TMIC-29. CHARACTERIZING THE ROLE OF TRIGGERING RECEPTOR EXPRESSED ON MYELOID CELLS 2 (TREM2)-EXPRESSING MICROGLIA/MACROPHAGES IN GLIOBLASTOMA

Abstract

Abstract The tumor microenvironment in glioblastoma (GBM) contains numerous cell types, notably a rich immune compartment dominated by myeloid cells, such as brain-resident microglia and infiltrating macrophages. However, current immunotherapies target lymphoid components like T cells, which are sparse in the brain and the tumors originating there. Therefore, immune checkpoint drugs designed for systemic cancers have not yielded significant benefits for patients with glioblastoma, and the efficacy of immunotherapy for central nervous system malignancies lags behind treatments for other solid tumors. Further understanding of the myeloid compartment is necessary for developing glioblastoma immunotherapies.

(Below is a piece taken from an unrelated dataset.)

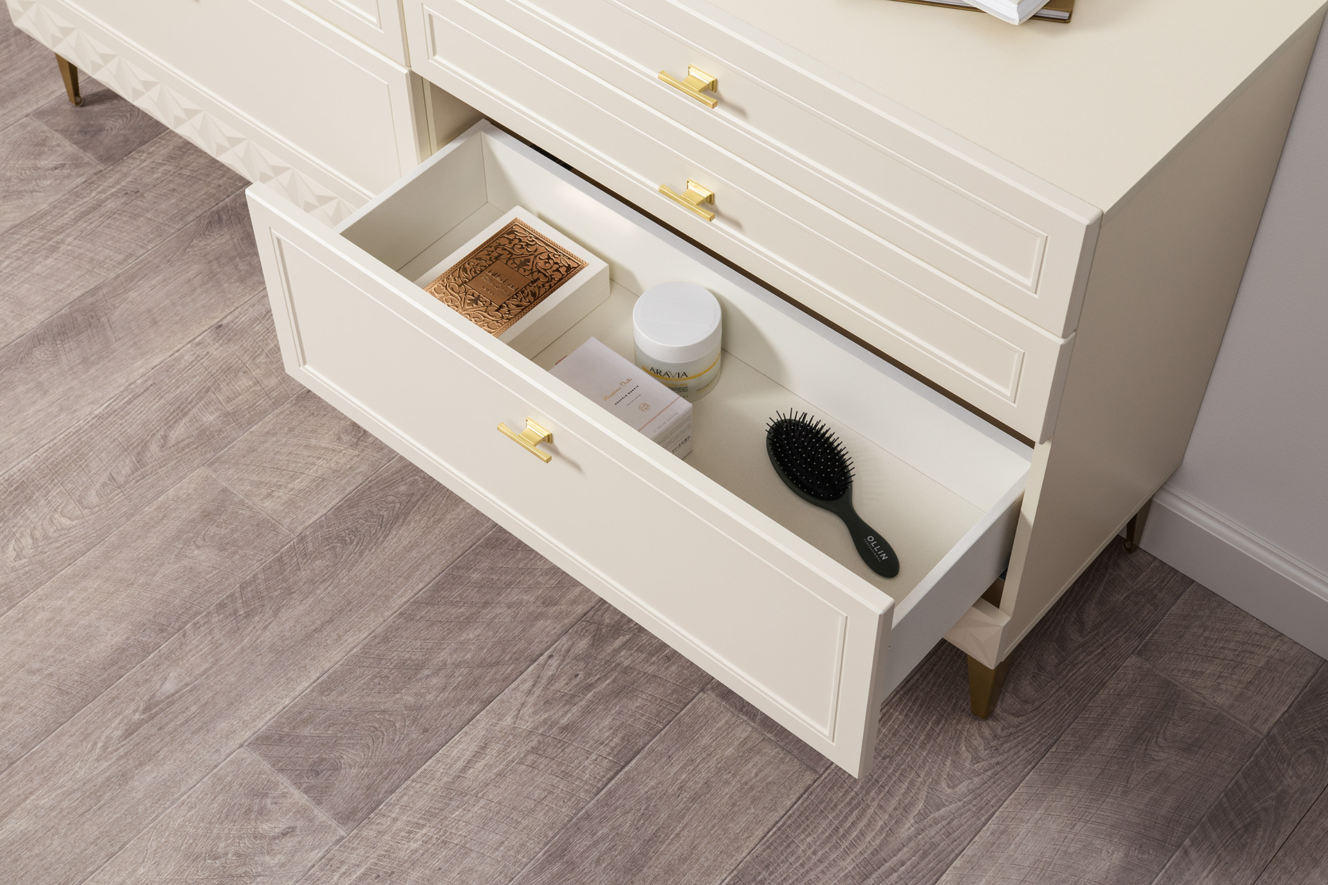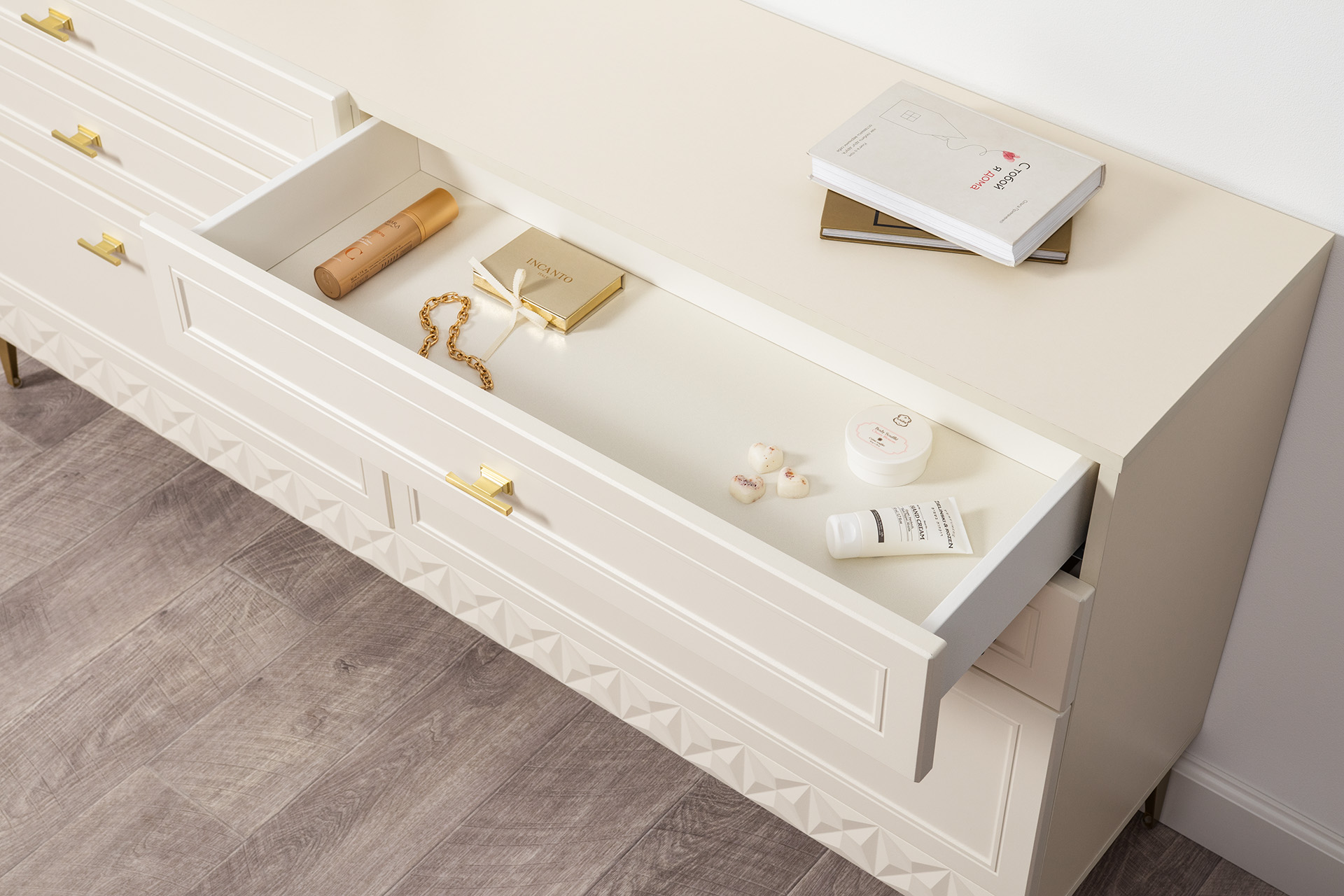 Комод Марион 16.256 Слоновая кость С341 PE, Слоновая кость 6898 ПВХ, Белый PE шагрень

Our recent single cell RNA-seq (scRNA-seq) analyses have identified microglial clusters that are enriched for antigen presentation and phagocytic gene expression modules. These clusters were restricted to microglia and macrophages seen only in glioma patients, but not in myeloid cells derived from non-glioma brain controls. Triggering receptor expressed on myeloid cells 2 (TREM2), a receptor abundant on microglia and vital for the detection and phagocytosis of pathogens, was highly expressed in these clusters. Because microglia expressing TREM2 play a protective role in neurodegenerative diseases like Alzheimer's disease, we examined the function of TREM2+ myeloid cells in GBM using mice lacking TREM2. Implantation of GL261 cells in TREM2-/- mice showed significantly reduced survival relative to wild-type mice, suggesting a protective role of TREM2+ myeloid cells in glioma. Data on immunophenotyping of glioma xenografts from WT and TREM2-/- mice brains using state of the art technologies (e.g. Cytek) will be presented. We conclude that TREM2 is a phagocytic immunoregulator in glioblastoma, manifesting anti-glioma properties to TREM2+ myeloid cells.